5. Remedies and Sanctions

a. Civil Remedies

163 Quadra v. CA, G.R. No. 147593, July 31, 2006


Facts
• The question is whether an employee dismissed in bad faith is entitled to moral
damages.
Held
• A dismissed employee is entitled to moral damages when the dismissal is attended
by bad faith or constitutes an act oppressive to labor or is done in a manner contrary
to good morals, good customs or public policy. Exemplary damages may be awarded
if the dismissal is effected in a wanton, oppressive or malevolent manner.

b.

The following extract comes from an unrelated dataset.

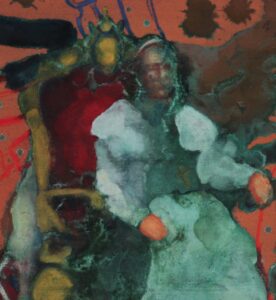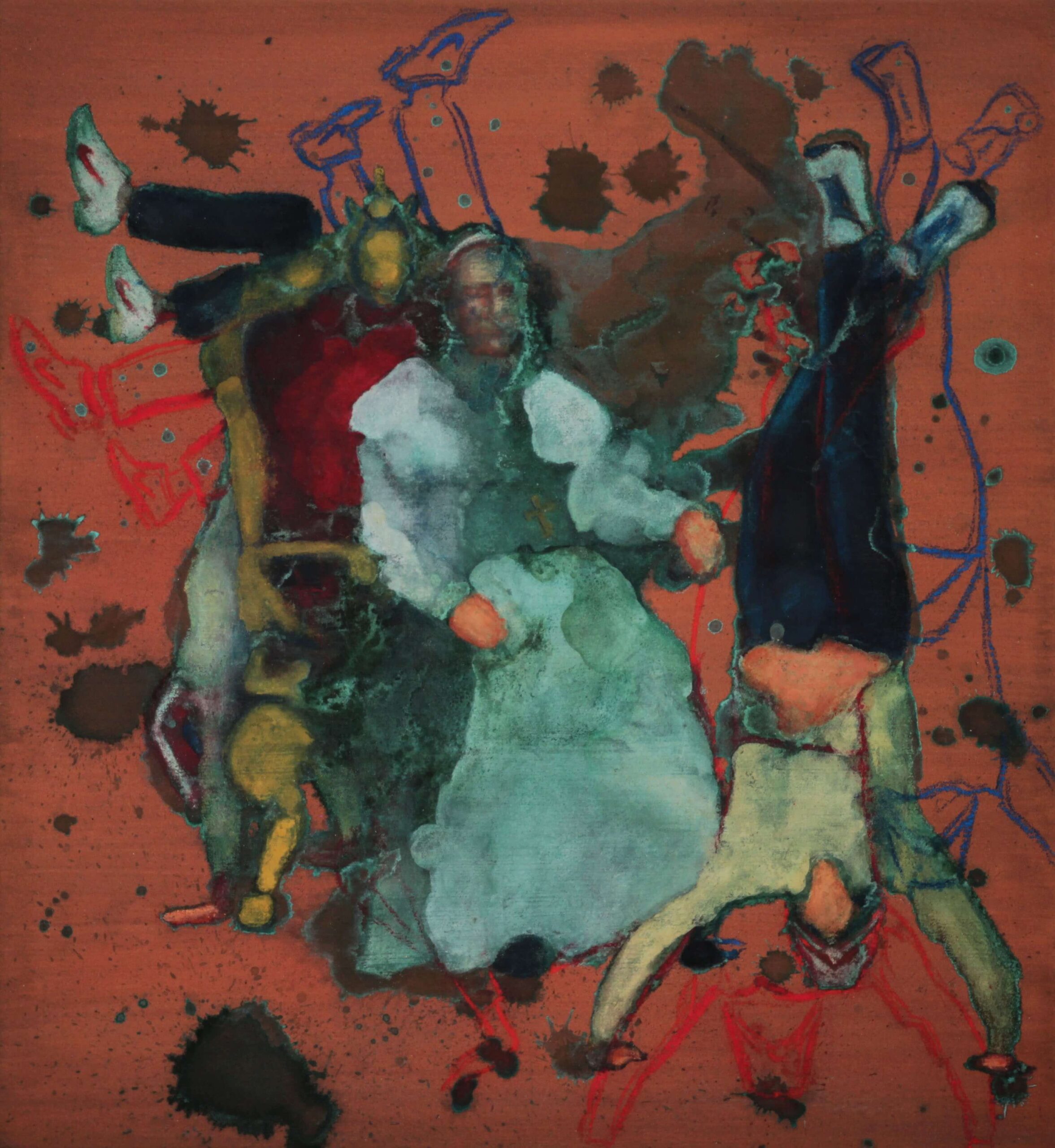Dielo zobrazuje pápeža sediaceho na tróne. Okolo neho stoja postavy na rukách. Pápež pôsobí ako stabilný a trvalý prvok kompozície. Postavy okolo neho vytvárajú dojem rovnováhy a krehkosti. Kontrast medzi nimi a jeho autoritou pridáva obrazu dynamiku a napätie.

Penal Remedies
• Penalties 299
o Except as otherwise provided in the Labor Code, or unless the acts
complained of hinge on a question of interpretation or implementation of
ambiguous provisions of an existing collective bargaining agreement, any
violation of the provisions of the Labor Code declared to be unlawful or
penal in nature shall be punished with a fine of not less than P1 ,000.00
nor more than P10,000.00, or imprisonment of not less than three months
nor more than three years, or both such fine and imprisonment at the
discretion of the court.
o In addition to such penalty, any alien found guilty shall be summarily
deported upon completion of service of sentence.